Without the pictures, output the records below word for word.

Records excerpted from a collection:
BEGIN
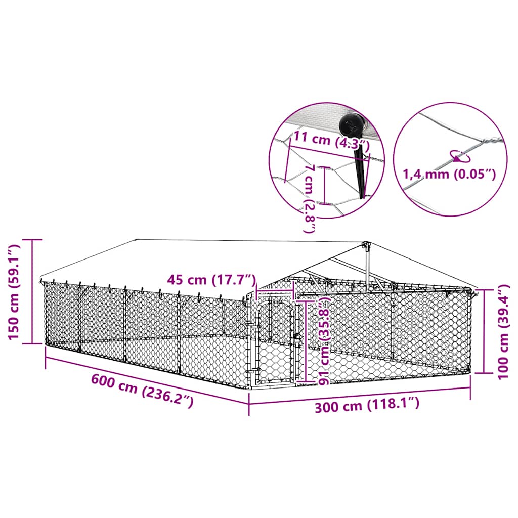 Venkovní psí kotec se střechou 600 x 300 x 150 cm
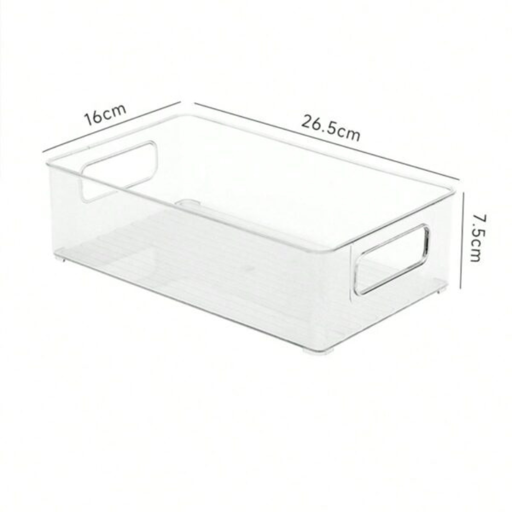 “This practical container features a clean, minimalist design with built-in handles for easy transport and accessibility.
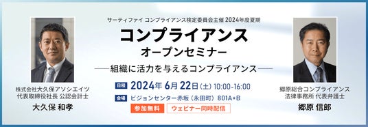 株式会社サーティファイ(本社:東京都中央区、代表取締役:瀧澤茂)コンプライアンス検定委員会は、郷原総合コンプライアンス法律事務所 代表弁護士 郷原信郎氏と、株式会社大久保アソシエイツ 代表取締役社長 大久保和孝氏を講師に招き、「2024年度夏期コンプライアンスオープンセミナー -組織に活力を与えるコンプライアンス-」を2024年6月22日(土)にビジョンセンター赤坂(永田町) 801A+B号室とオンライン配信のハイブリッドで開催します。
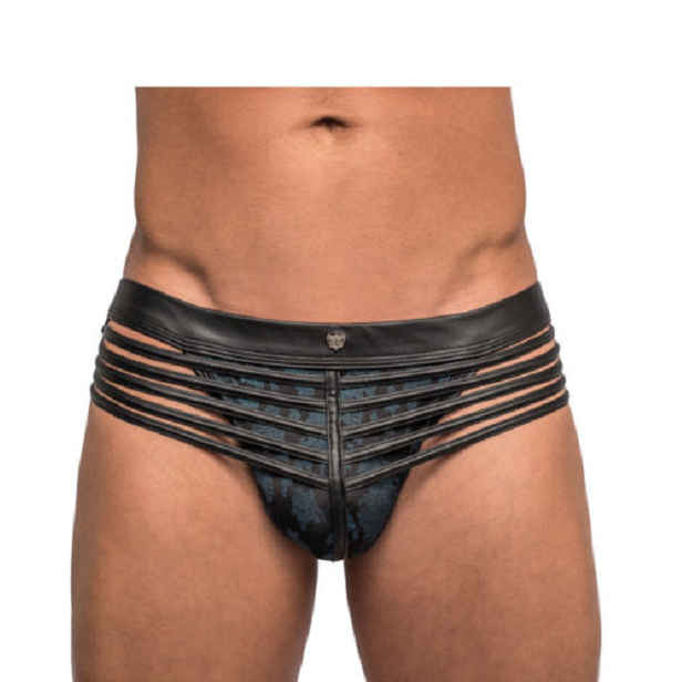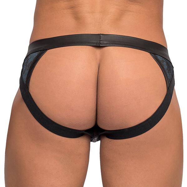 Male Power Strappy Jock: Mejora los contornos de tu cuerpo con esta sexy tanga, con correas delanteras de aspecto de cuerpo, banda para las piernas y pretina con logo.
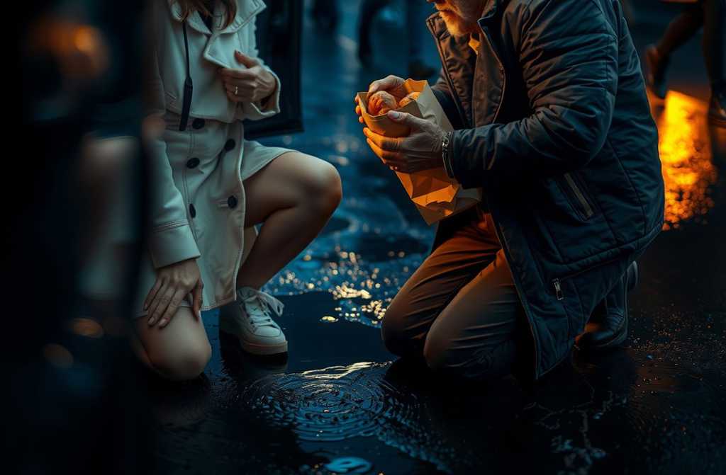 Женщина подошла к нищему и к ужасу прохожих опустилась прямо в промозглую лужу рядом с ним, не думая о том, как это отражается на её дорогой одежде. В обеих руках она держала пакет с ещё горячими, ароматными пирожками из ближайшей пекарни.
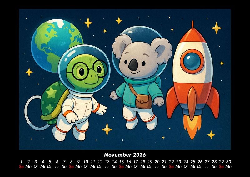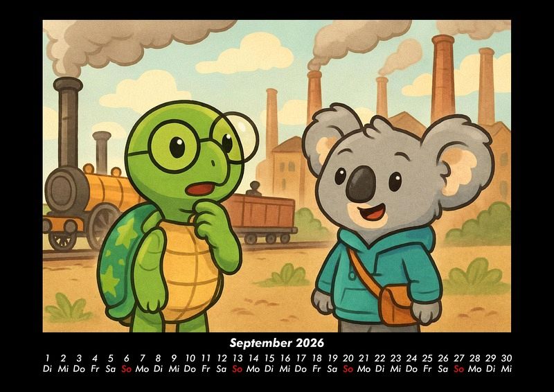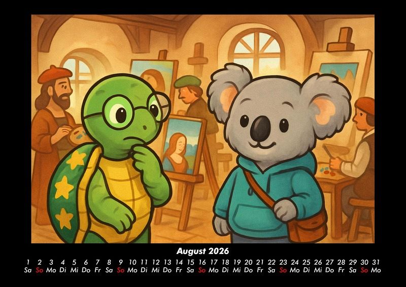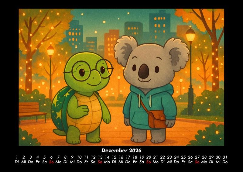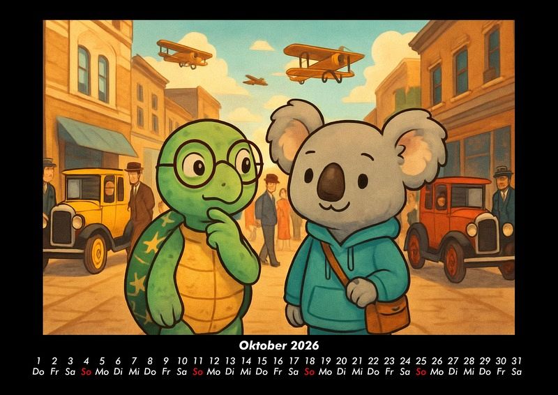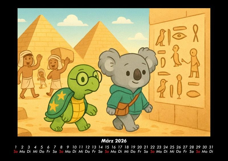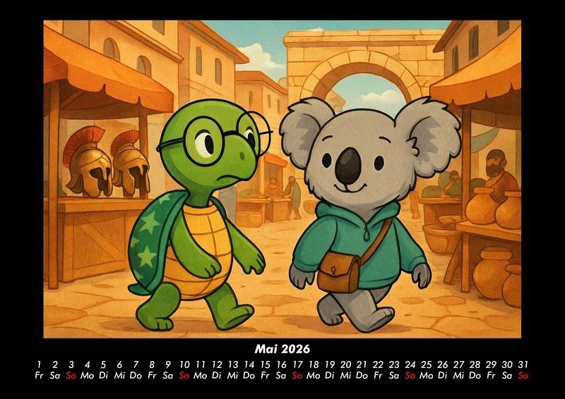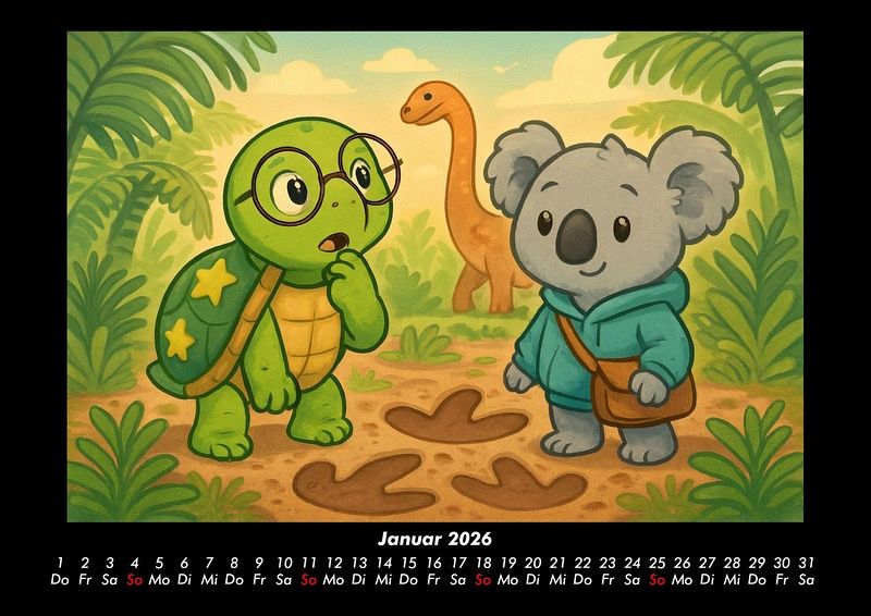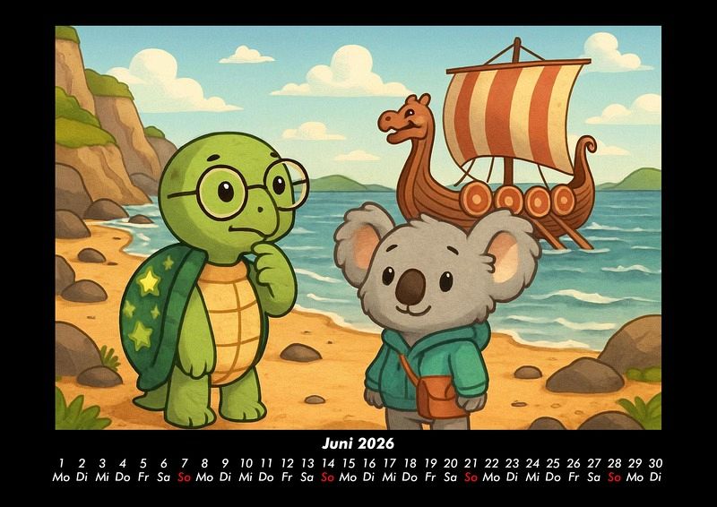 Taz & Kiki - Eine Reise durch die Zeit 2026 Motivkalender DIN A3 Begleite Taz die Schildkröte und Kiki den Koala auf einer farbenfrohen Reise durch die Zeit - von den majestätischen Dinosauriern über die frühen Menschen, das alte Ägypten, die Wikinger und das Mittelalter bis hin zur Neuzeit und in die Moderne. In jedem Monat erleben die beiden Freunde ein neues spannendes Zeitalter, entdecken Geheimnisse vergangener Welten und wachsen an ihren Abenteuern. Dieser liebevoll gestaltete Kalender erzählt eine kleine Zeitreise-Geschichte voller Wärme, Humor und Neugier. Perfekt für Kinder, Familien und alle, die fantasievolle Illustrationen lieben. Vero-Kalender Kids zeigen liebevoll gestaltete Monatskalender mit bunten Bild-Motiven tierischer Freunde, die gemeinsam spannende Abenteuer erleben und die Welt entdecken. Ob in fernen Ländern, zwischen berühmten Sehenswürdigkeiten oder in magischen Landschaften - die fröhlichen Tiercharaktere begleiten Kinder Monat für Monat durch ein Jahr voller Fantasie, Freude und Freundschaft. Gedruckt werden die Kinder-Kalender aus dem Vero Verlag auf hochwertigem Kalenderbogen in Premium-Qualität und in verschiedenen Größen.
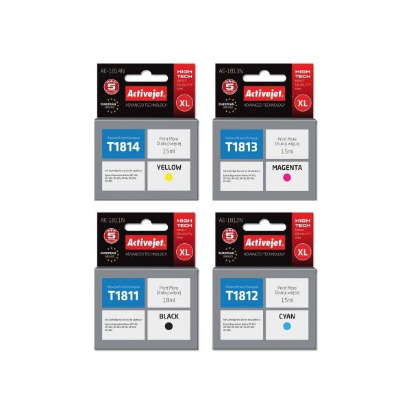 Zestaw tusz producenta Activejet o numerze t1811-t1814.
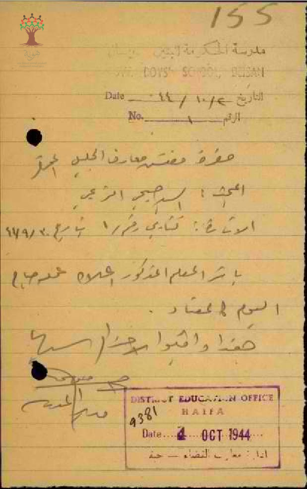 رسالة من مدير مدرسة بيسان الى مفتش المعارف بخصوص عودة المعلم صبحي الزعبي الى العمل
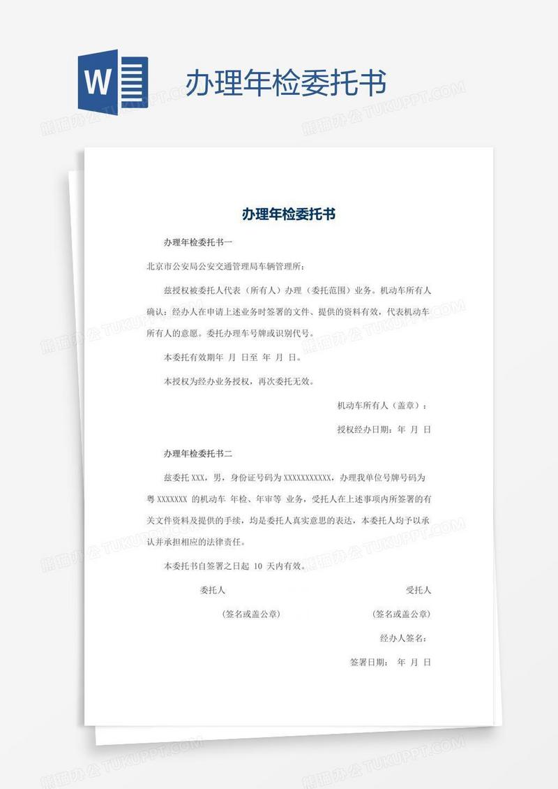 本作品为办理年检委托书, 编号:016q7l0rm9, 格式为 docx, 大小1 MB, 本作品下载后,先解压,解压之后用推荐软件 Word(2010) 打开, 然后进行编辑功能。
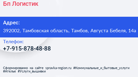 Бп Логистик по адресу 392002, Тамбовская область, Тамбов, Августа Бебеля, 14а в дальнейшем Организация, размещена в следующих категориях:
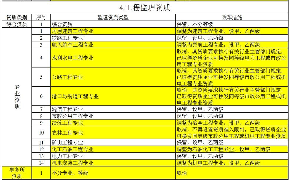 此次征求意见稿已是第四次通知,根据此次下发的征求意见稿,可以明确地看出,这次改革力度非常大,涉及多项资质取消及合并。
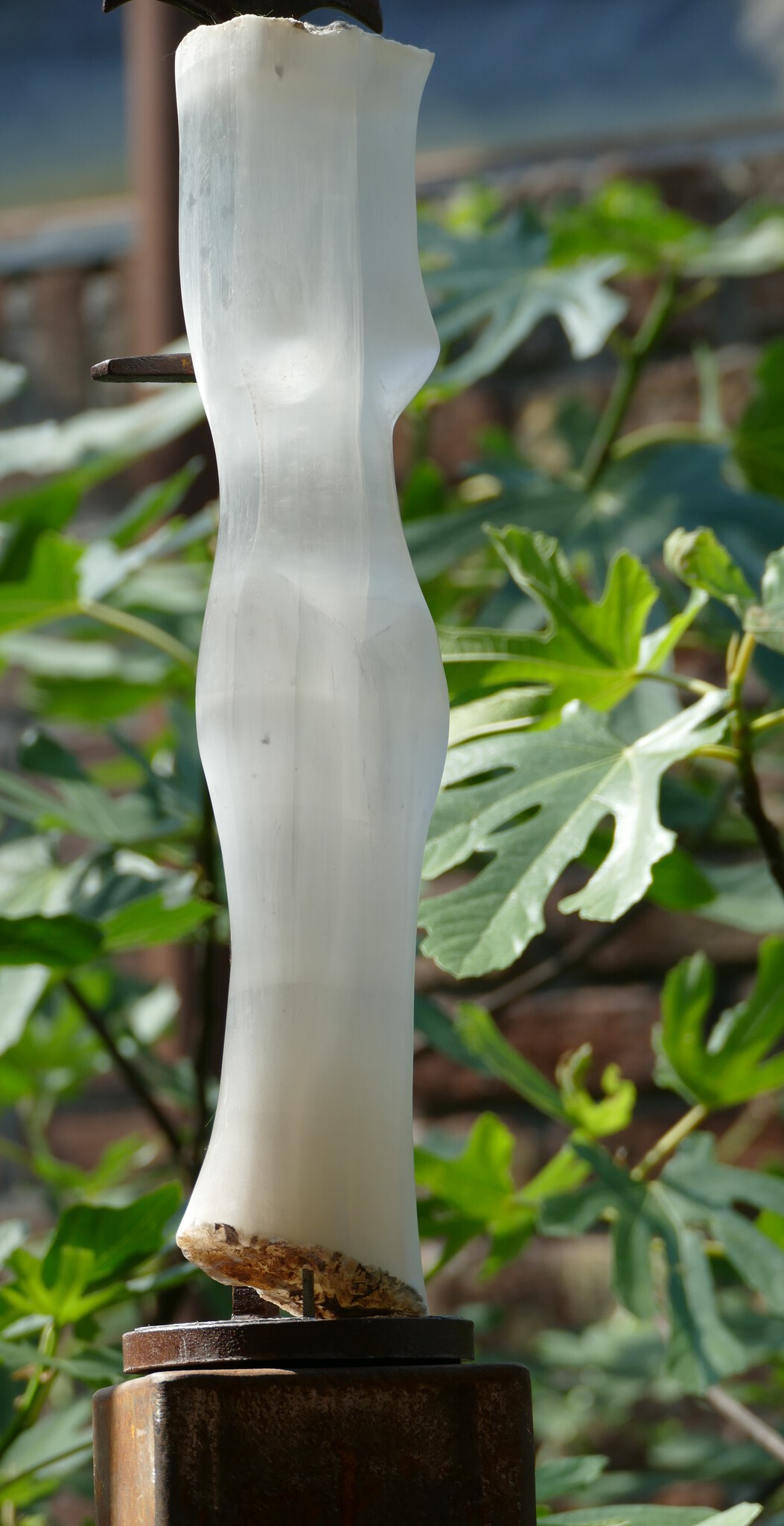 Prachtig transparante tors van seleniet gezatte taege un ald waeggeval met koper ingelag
END
WRITTEN REPLY.
 Venkovní psí kotec se střechou 600 x 300 x 150 cm
 “This practical container features a clean, minimalist design with built-in handles for easy transport and accessibility.
 株式会社サーティファイ(本社:東京都中央区、代表取締役:瀧澤茂)コンプライアンス検定委員会は、郷原総合コンプライアンス法律事務所 代表弁護士 郷原信郎氏と、株式会社大久保アソシエイツ 代表取締役社長 大久保和孝氏を講師に招き、「2024年度夏期コンプライアンスオープンセミナー -組織に活力を与えるコンプライアンス-」を2024年6月22日(土)にビジョンセンター赤坂(永田町) 801A+B号室とオンライン配信のハイブリッドで開催します。
 Male Power Strappy Jock: Mejora los contornos de tu cuerpo con esta sexy tanga, con correas delanteras de aspecto de cuerpo, banda para las piernas y pretina con logo.
 Женщина подошла к нищему и к ужасу прохожих опустилась прямо в промозглую лужу рядом с ним, не думая о том, как это отражается на её дорогой одежде. В обеих руках она держала пакет с ещё горячими, ароматными пирожками из ближайшей пекарни.
 Taz & Kiki - Eine Reise durch die Zeit 2026 Motivkalender DIN A3 Begleite Taz die Schildkröte und Kiki den Koala auf einer farbenfrohen Reise durch die Zeit - von den majestätischen Dinosauriern über die frühen Menschen, das alte Ägypten, die Wikinger und das Mittelalter bis hin zur Neuzeit und in die Moderne. In jedem Monat erleben die beiden Freunde ein neues spannendes Zeitalter, entdecken Geheimnisse vergangener Welten und wachsen an ihren Abenteuern. Dieser liebevoll gestaltete Kalender erzählt eine kleine Zeitreise-Geschichte voller Wärme, Humor und Neugier. Perfekt für Kinder, Familien und alle, die fantasievolle Illustrationen lieben. Vero-Kalender Kids zeigen liebevoll gestaltete Monatskalender mit bunten Bild-Motiven tierischer Freunde, die gemeinsam spannende Abenteuer erleben und die Welt entdecken. Ob in fernen Ländern, zwischen berühmten Sehenswürdigkeiten oder in magischen Landschaften - die fröhlichen Tiercharaktere begleiten Kinder Monat für Monat durch ein Jahr voller Fantasie, Freude und Freundschaft. Gedruckt werden die Kinder-Kalender aus dem Vero Verlag auf hochwertigem Kalenderbogen in Premium-Qualität und in verschiedenen Größen.
 Zestaw tusz producenta Activejet o numerze t1811-t1814.
 رسالة من مدير مدرسة بيسان الى مفتش المعارف بخصوص عودة المعلم صبحي الزعبي الى العمل
 本作品为办理年检委托书, 编号:016q7l0rm9, 格式为 docx, 大小1 MB, 本作品下载后,先解压,解压之后用推荐软件 Word(2010) 打开, 然后进行编辑功能。
 Бп Логистик по адресу 392002, Тамбовская область, Тамбов, Августа Бебеля, 14а в дальнейшем Организация, размещена в следующих категориях:
 此次征求意见稿已是第四次通知,根据此次下发的征求意见稿,可以明确地看出,这次改革力度非常大,涉及多项资质取消及合并。
 Prachtig transparante tors van seleniet gezatte taege un ald waeggeval met koper ingelag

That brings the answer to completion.